_Assigned task_
Copy exactly the lines of the material below that fall between the line with "何仙姑也能幻化成美人鱼,胸口" and the line with "Social justice themed", both of those lines included; pictures stay out.

(Recorded information Opens)

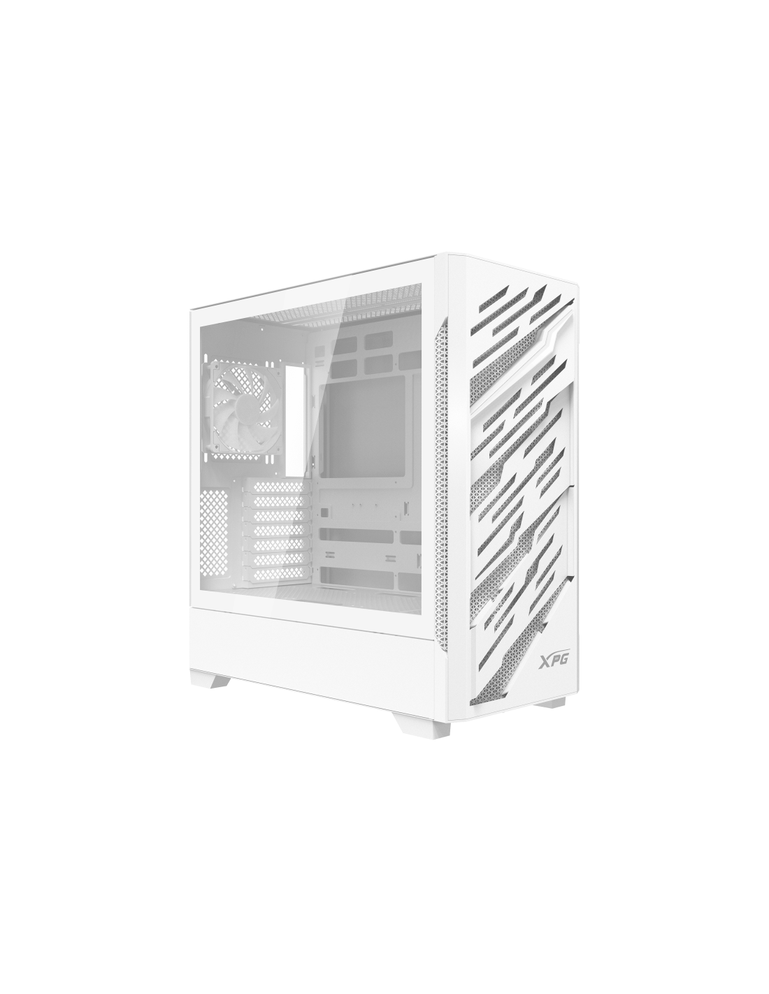 XPG STARKER AIR BTF Torre Media Blanca. Factor de forma: Midi Tower, Tipo: PC, Color del producto: Blanco. Diámetro de ventiladores frontales soportados: 120,140 mm, Diámetro de ventiladores secundarios soportados: 120 mm, Diámetro de ventiladores traseros soportados: 120 mm. Ancho: 242 mm, Profundidad: 464 mm, Altura: 496 mm
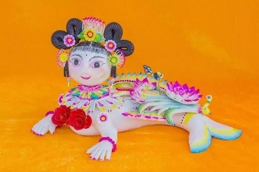 何仙姑也能幻化成美人鱼,胸口两朵大玫瑰象征着浪漫,身上盛开着莲花,吸引酒醉的蝴蝶。
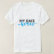 Social justice themed design that celebrates inclusion and diversity. After all, we are HUMAN. Features "My Race:" in charcoal grey text with "human" in bright blue modern script.
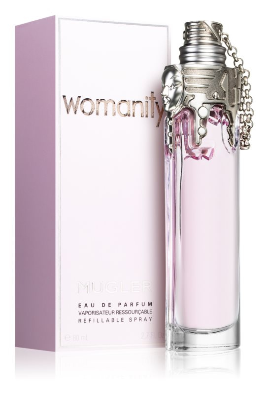 Světoznámý a unikátní návrhář, vizionář, fotograf a tvůrce parfémů, Thierry Mugler, odhaluje po 4 letech příprav své další tajemství. Umělec, který se proslavil šokujícími modely, které jsou matoucí svou zjevnou neláskou k ženám a přesto tolik citlivé k jejich ženskosti. V roce 2010 představuje Thierry Mugler nový svěží pohled na dnešní ženu. Zaměřuje se na tvořivou sílu, na neviditelné pouto a energii, které sjednocují všechny ženy. Tento nadčasový pocit intimity, porozumění a intuice nazval stejně jako svůj nový parfém - WOMANITY. Parfém, který je jako spontánní úsměv, třpytivý a zářící a je vnímán stejně jako explozivní chuť středomořského ovoce rozkrojeného na slunci. Jemně „mléčný“ tón fíkových plodů, propojen s vůní jemnou a atraktivní, pronikavou, znepokojující, až zvířecí – s vůní kaviáru. Základ vůně je elegantní a smyslný a prodlužuje omamné aroma díky svěžím zeleným fíkovým listů a něžnému fíkovému dřevu. Paradoxní vůně zabalena do paradoxního flakonu - drahocenného uměleckého díla poprášeného patinou času, které se jako klenot dědí z generace na generaci. Inspirován minulostí i budoucností, kovový šperk, který v sobě nese tajemný univerzální jazyk.

(Recorded information Closes)

_Problem solution_
 何仙姑也能幻化成美人鱼,胸口两朵大玫瑰象征着浪漫,身上盛开着莲花,吸引酒醉的蝴蝶。
 Social justice themed design that celebrates inclusion and diversity. After all, we are HUMAN. Features "My Race:" in charcoal grey text with "human" in bright blue modern script.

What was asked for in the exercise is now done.